To create our language model, we will use transfer learning. FastAI provides us with pre-trained models that can be fine-tuned for the task at hand. Here, we will use the pre-trained **AWD-LSTM** model to create our language model.

In [None]:
learn=language_model_learner(
    dls_lm,AWD_LSTM,drop_mult=0.3,
    metrics=[accuracy,Perplexity()]).to_fp16()

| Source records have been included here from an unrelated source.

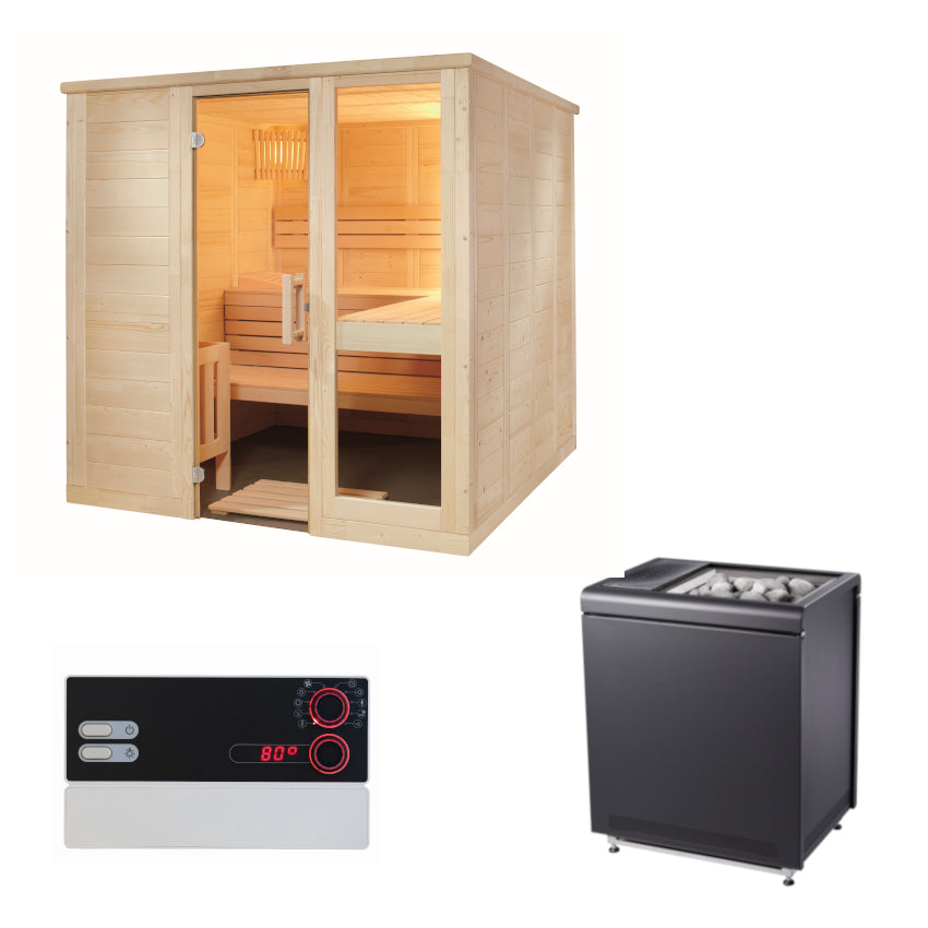 Sentiotec Sauna Set Komfort Large mit Saunaofen Concept R Combi 9 kW und Saunasteuerung Pro C3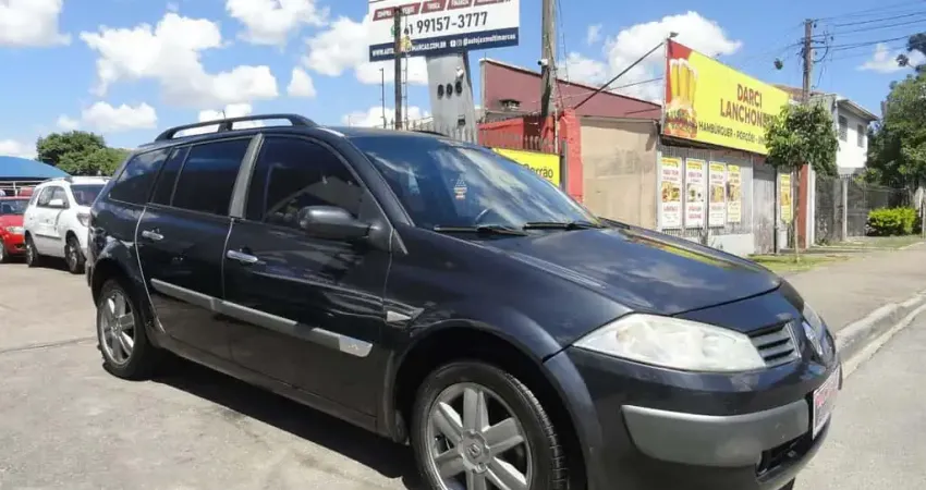Megane Grand Tour Dynamique 2008, motor 1.6 16v flex com 115cv, câmbio manual, direção elétrica, ar condicionado, freios ABS, airbag, vidros e travas elétricas, volante multifuncional com regulagem de altura e rodas de liga leve.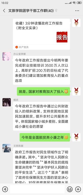为深入学习贯彻全国两会精神,引导学生关注时事热点,提高我院青年学生的政治修养和素质,近日文化旅游学院组织学生开展了“学习两会精神”主题活动。活动分为自主学习和线上集中交流学习两个阶段。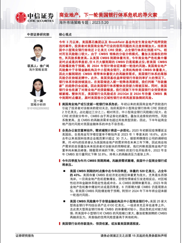 【中信证券】【20230520】海外市场策略专题:商业地产,下一轮美国银行体系危机的导火索-16页 行业研究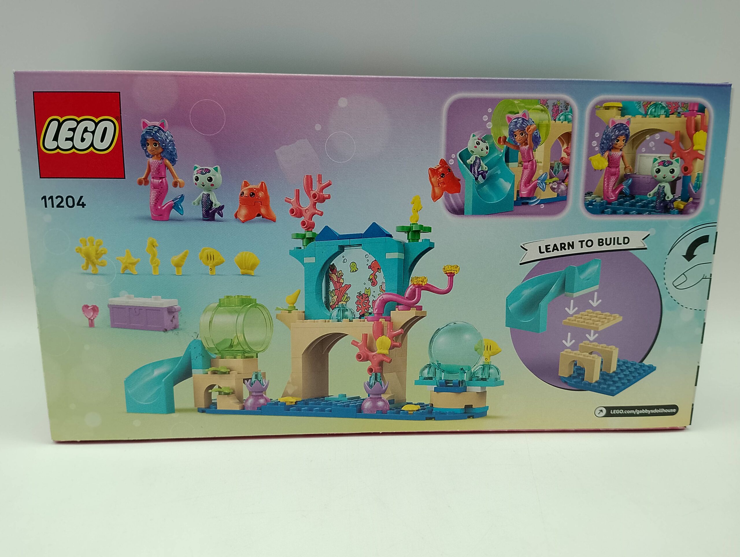 Das detailreiche LEGO® Gabbys Puppenhaus Set steckt voller spannender Funktionen und bekannter Charaktere: Enthalten sind die Spielfigur Gabby im Meerjungfrauenkostüm sowie die niedlichen Figuren Meerkätzchen und Quallen-Kätzchen. Gemeinsam tauchen Kinder in eine farbenfrohe Unterwasserwelt ein und entdecken Muscheln, Pflanzen und viele weitere Meeresdetails.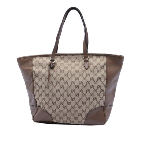The Gucci GG Canvas Bree Zippered Tote is a timeless designer handbag that blends iconic style with everyday versatility. Crafted with a durable canvas body and refined leather trim, this elegant tote features flat leather handles, a secure top zip closure, and convenient interior zip and slip pockets for easy organization. With dimensions of 12.60 x 11.61 x 6.30 inches, it offers ample space for your daily essentials while showcasing luxury and contemporary style. <br /><br /> Designed for both fashion and functionality, this pre-owned Gucci tote is an excellent choice for anyone seeking a sophisticated handbag with practical appeal. The classic GG canvas design makes it instantly recognizable, while the roomy interior and structured silhouette make it perfect for carrying everything from work essentials to personal items, making it perfect for everyday use. <br /><br /> This pre-owned Gucci GG Canvas Bree Zippered Tote is rated Condition B+ and remains a stylish, value-driven option for luxury lovers. Comments: Exterior Back Creased. Exterior Bottom Stained With Others, Creased. Exterior Corners Worn. Exterior Front Stained With Others, Creased. Exterior Handle/Strap Stained With Others. Exterior Side Creased. Hardware Practical Attachment Scratched. Zipper Scratched. Interior Lining Stained With Others. Interior Pocket Stained With Others. Inclusions: None. Model: GG Canvas Bree Zippered Tote. Item# N9RNHAK7X012QUHD. This is a great opportunity to own an authentic handbag at a more accessible price.
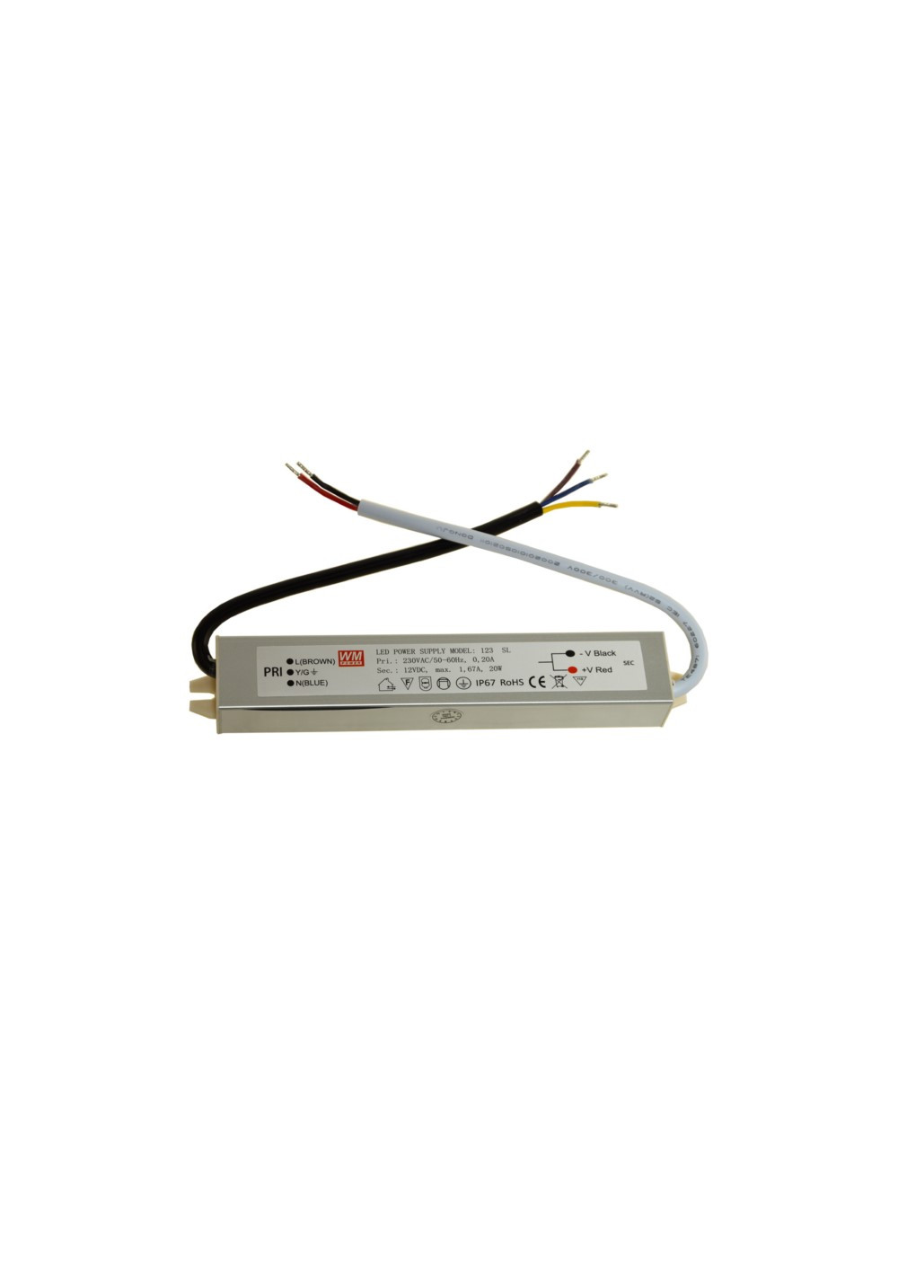 IP67 waterproof LED driver 12V 20W – technical specs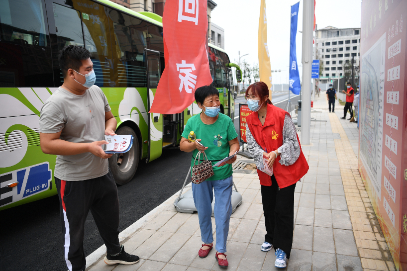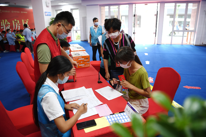 回迁居民(中)在雄安新区雄东片区A单元安置房交付点向志愿者咨询交付事宜。(图片来源:新华社)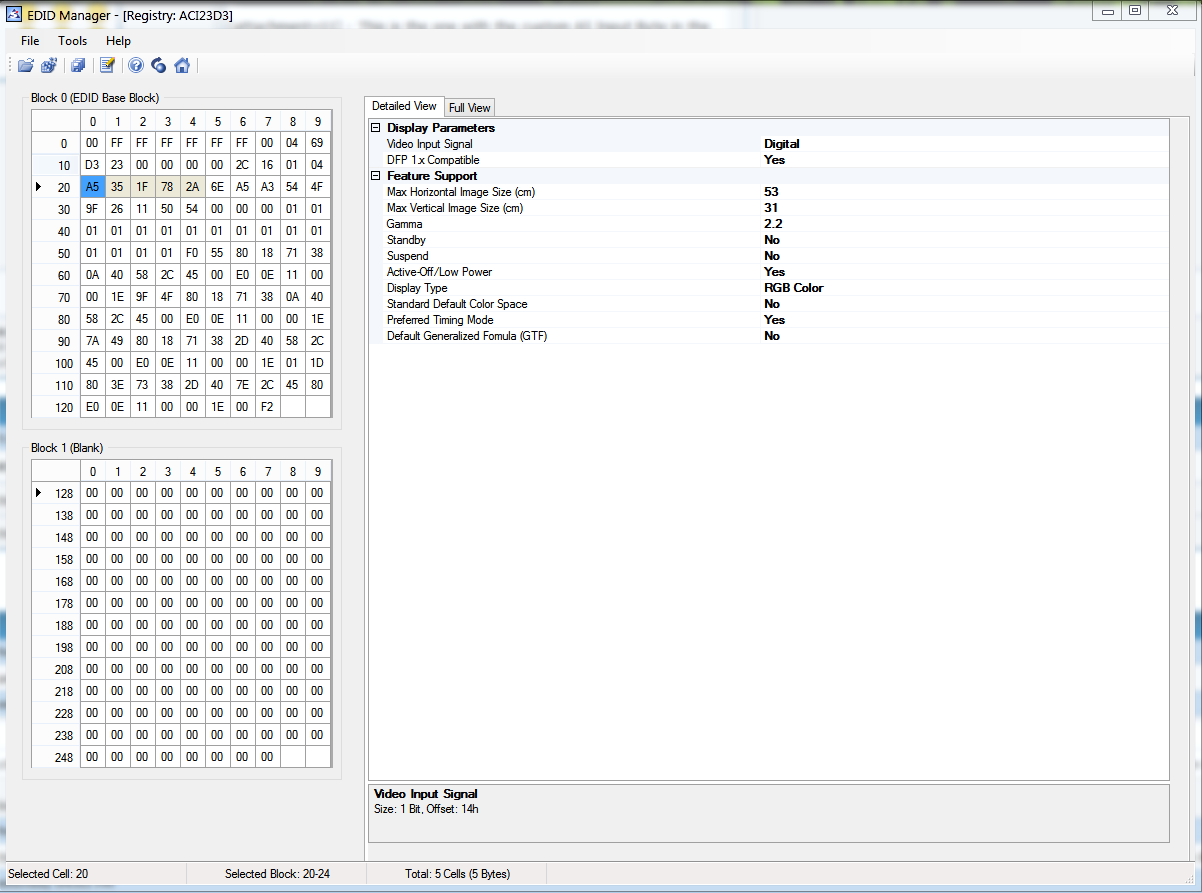 - This is the one with the custom A5 Input Byte in the EDID + CRU. The configurations under this adapter lets me push my monitor upto 220MHz (1080p@92Hz) without problems. It won't go any further though (I think it's the monitor's max?).(08-01-2013 05:23 PM)ToastyX Wrote: I don't know what HD3D looks for. What happens if you disable the extension block? I never enabled the Extension block to begin with. It has always been disabled. EDID Manager shows Empty block on the second block. Look here - Thanks again ToastyX. |

*What does our model look like?*

In [None]:
learn.model

SequentialRNN(
  (0): AWD_LSTM(
    (encoder): Embedding(29632, 400, padding_idx=1)
    (encoder_dp): EmbeddingDropout(
      (emb): Embedding(29632, 400, padding_idx=1)
    )
    (rnns): ModuleList(
      (0): WeightDropout(
        (module): LSTM(400, 1152, batch_first=True)
      )
      (1): WeightDropout(
        (module): LSTM(1152, 1152, batch_first=True)
      )
      (2): WeightDropout(
        (module): LSTM(1152, 400, batch_first=True)
      )
    )
    (input_dp): RNNDropout()
    (hidden_dps): ModuleList(
      (0): RNNDropout()
      (1): RNNDropout()
      (2): RNNDropout()
    )
  )
  (1): LinearDecoder(
    (decoder): Linear(in_features=400, out_features=29632, bias=True)
    (output_dp): RNNDropout()
  )
)

Let's fine-tune our language model. 

Initially, only the randomly initialized embeddings in the model are trained. Later, we unfreeze the whole model and fine-tune it on our dataset. 

In [None]:
learn.fit_one_cycle(1, 2e-2)

epoch,train_loss,valid_loss,accuracy,perplexity,time
0,3.988807,3.822652,0.322697,45.725304,07:07


This model takes a while to train, so we can save intermediary results and resume training later also. 

In [None]:
learn.save('1epoch')

Now, we unfreeze the whole model and fine-tune on our dataset.

In [None]:
learn.unfreeze()
learn.fit_one_cycle(10,2e-3)

epoch,train_loss,valid_loss,accuracy,perplexity,time
0,3.564608,3.685261,0.340693,39.855534,08:13
1,3.405877,3.544592,0.36178,34.625568,08:16
2,3.130898,3.344503,0.396509,28.346476,08:11
3,2.818751,3.214522,0.423163,24.891394,08:11
4,2.54997,3.148916,0.445709,23.310781,08:14
5,2.310829,3.079806,0.463686,21.754183,08:16
6,2.067275,3.047312,0.476157,21.058668,08:16


epoch,train_loss,valid_loss,accuracy,perplexity,time
0,3.564608,3.685261,0.340693,39.855534,08:13
1,3.405877,3.544592,0.36178,34.625568,08:16
2,3.130898,3.344503,0.396509,28.346476,08:11
3,2.818751,3.214522,0.423163,24.891394,08:11
4,2.54997,3.148916,0.445709,23.310781,08:14
5,2.310829,3.079806,0.463686,21.754183,08:16
6,2.067275,3.047312,0.476157,21.058668,08:16
7,1.911285,3.047159,0.48304,21.05545,08:15
8,1.767257,3.063684,0.486353,21.406282,08:23
9,1.735494,3.073252,0.486495,21.61207,08:13


We need to save this model for later. We save all of our model except the final layer that converts activations to probabilities of picking each token in our vocabulary. The model not including the final layer is called the encoder. We can also save the complete model to use it tasks like text generation. 


In [None]:
learn.save_encoder('finetuned_lm')
learn.export('models/language_model.pkl')

## Conclusion
 In this notebook, we created our language model. Using this model, we will build a multi-label classifier that can predict the genres a book belongs to. In the next notebook, we will dive deep into the data and try to find some interesting patterns.